Thanks for taking the time to review this and the pointers.

On 11/11/20 10:11 AM, James Morse wrote:
> Hi Henry,
>
> On 06/11/2020 23:25, Henry Willard wrote:
>> machine_shutdown() is called by kernel_kexec() to shutdown
>> the non-boot CPUs prior to starting the new kernel. The
>> implementation of machine_shutdown() varies by architecture.
>> Many make an interprocessor call, such as smp_send_stop(),
>> to stop the non-boot CPUs. On some architectures the CPUs make
>> some sort of firmware call to stop the CPU. On some architectures
>> without the necessary firmware support to stop the CPU, the CPUs
>> go into a disabled loop, which is not suitable for supporting
>> kexec. On Arm64 systems that support PSCI, CPUs can be stopped
>> with a PSCI CPU_OFF call.
> All this variation is because we want to to get the CPU back in a sane state, as if we'd
> just come from cold boot. Without the platform firmware doing its initialisation, the only
> way we have of doing this is to run the cpuhp callbacks to take the CPU offline cleanly.
If it is unsafe to call cpu_ops.cpu_die (or cpu_die) on Arm except from 
cpuhp shouldn't something detect that?
>
>
>> Arm64 machine_shutdown() uses the CPU hotplug infrastructure via
>> smp_shutdown_nonboot_cpus() to stop each CPU. This is relatively
>> slow and takes a best case of .02 to .03 seconds per CPU which are
>> stopped sequentially.
> Hmmm, looks like cpuhp doesn't have a way to run the callbacks in parallel...
>
>
>> This can take the better part of a second for
>> all the CPUs to be stopped depending on how many CPUs are present.
>> If for some reason the CPUs are busy at the time of the kexec reboot,
>> it can take several seconds to shut them all down.
> Busy doing what?
Executing user code
>
> I assume the problem is CPUs starting work on behalf of user-space, which is now
> pointless, which prevents them from scheduling into the cpuhp work quickly.
>
> Does hoisting kexec's conditional call to freeze_processes() above the #ifdef - so that
> user-space threads are no longer schedule-able improve things here?
It might help the worst cases, but even on an idle system it takes a while.
>
>
>> Each CPU shuts itself down by calling PSCI CPU_OFF.
>> In some applications such as embedded systems, which need a very
>> fast reboot (less than a second), this may be too slow.
> Where does this requirement come from?
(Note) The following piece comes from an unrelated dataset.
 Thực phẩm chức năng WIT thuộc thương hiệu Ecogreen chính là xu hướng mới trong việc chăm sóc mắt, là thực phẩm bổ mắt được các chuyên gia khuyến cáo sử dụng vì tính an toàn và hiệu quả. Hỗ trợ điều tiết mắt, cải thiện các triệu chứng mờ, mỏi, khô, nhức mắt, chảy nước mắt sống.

Surely kexec is part of a software update, not
> regular operation.
The requirement comes from the owner of the larger environment of which 
this embedded system is a part. So, yes, this is part of software 
maintenance of a component during regular operation.
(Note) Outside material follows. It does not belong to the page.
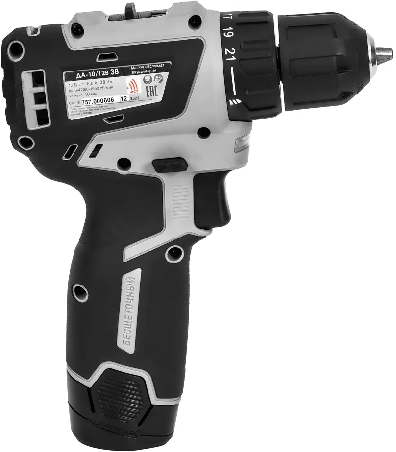 Дрель-шуруповерт, 2 аккумулятора БА-12/1.5, зарядное устройство, коробка.

>> This patch reverts to using smp_send_stop() to signal all
>> CPUs to stop immediately. Currently smp_send_stop() causes each cpu
>> to call local_cpu_stop(), which goes into a disabled loop. This patch
>> modifies local_cpu_stop() to call cpu_die() when kexec_in_progress
>> is true, so that the CPU calls PSCI CPU_OFF just as in the case of
>> smp_shutdown_nonboot_cpus().
> This is appropriate for panic(), as we accept it may fail.
>
> For Kexec(), the CPU must go offline, otherwise we can't overwrite the code it was
> running. The arch code can't just call CPU_OFF in any context. See 5.5 CPU_OFF' of
> https://developer.arm.com/documentation/den0022/d
>
> 5.5.2 describes what the OS must do first, in particular interrupts must be migrated away
> from the CPU calling CPU_OFF. Currently the cpuhp notifiers do this, which after this
> patch, no longer run.
I believe this is done by irq_migrate_all_off_this_cpu(), which is 
called by take_cpu_down() scheduled on the processor to be shutdown by 
stop_machine_cpuslocked(). I missed that. While take_cpu_down() is 
running on the target processor the boot CPU is waiting, which is part 
of the reason for the latency.
>
> You're going to need some duct-tape here, but I recall the proposed
> 'ARCH_OFFLINE_CPUS_ON_REBOOT', which would help, but isn't a complete thing. From the
> discussion:
> https://lore.kernel.org/lkml/87h80vwta7.fsf@nanos.tec.linutronix.de/
> https://lore.kernel.org/lkml/alpine.DEB.2.21.1908201321200.2223@nanos.tec.linutronix.de/
>
> using cpuhp to offline these CPUs is the right thing to do.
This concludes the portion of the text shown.